Two Simple Ways to Rekindle Intimacy

  1. Talk openly. Tell your partner what feels good, what doesn’t, and laugh about the awkwardness together.
  2. Add creativity. Try new routines, small touches, and moments of tenderness that take pressure off performance.

So What Now

Here’s the truth. Menopause isn’t the end of youth, it’s the beginning of wisdom. It’s the time when we finally say, “I know who I am, and I’m not apologizing for it.”

We’ve survived the teen years, the 20s hustle, the 30s balancing act, and the 40s reality check. Now we’re stepping into the years of owning our truth, speaking our mind, and living without shame.
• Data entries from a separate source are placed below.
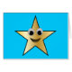 Esta tarjeta de saludo está decorada por un personaje gráfico ilustrado con una cara feliz, riéndose es una estrella de color dorado delineada en negro. Una maravillosa muestra de logro.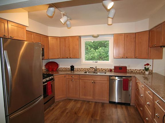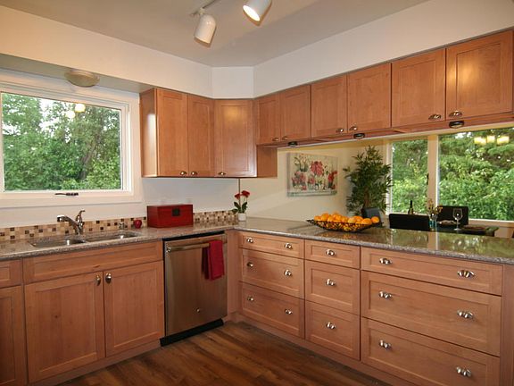 View of sunsets. Just finished a total remodel - new Kitchen + , baths, luxury vinyl plank flooring upstairs, new light fixtures, heating baseboards, new doors, door trim & all new base boards Quartz counters, LVT flooring baths -Carrera marble countertopsnew carpet downstairs. oversized garage (600SF)Separate shop off garage. (wired 220) Pre-inspection by Best Insp. Excellent subd quiet privat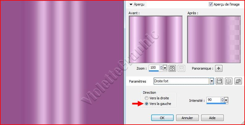 Pavé Direction : permet de sélectionner la direction Vers la droite ou Vers la gauche Intensité : permet de définir l’intensité de la déformation Augmentez l’intensité pour rendre l’image plus floue

So yes, menopause is messy. It’s sweaty, it’s emotional, it’s unpredictable. But it’s also freeing. Because if you can survive this, sis, you can survive anything.

Final Sip on the Deck

So pour yourself that glass of wine, or steep that hot tea. Let’s sit here together, laugh at the madness, cry when we need to, and keep encouraging each other. Menopause may be loud, but so are we. And we’re not going quietly into the night.

We’re going boldly, with humor, grace, and a sisterhood that’s unshakable.

So here’s my final word. Menopause doesn’t define us. We define it. And together, we’ll keep turning these hot flashes into cold truths that set us free.

Cheers, sis. You’re not alone. You’re powerful, hilarious, and absolutely unstoppable.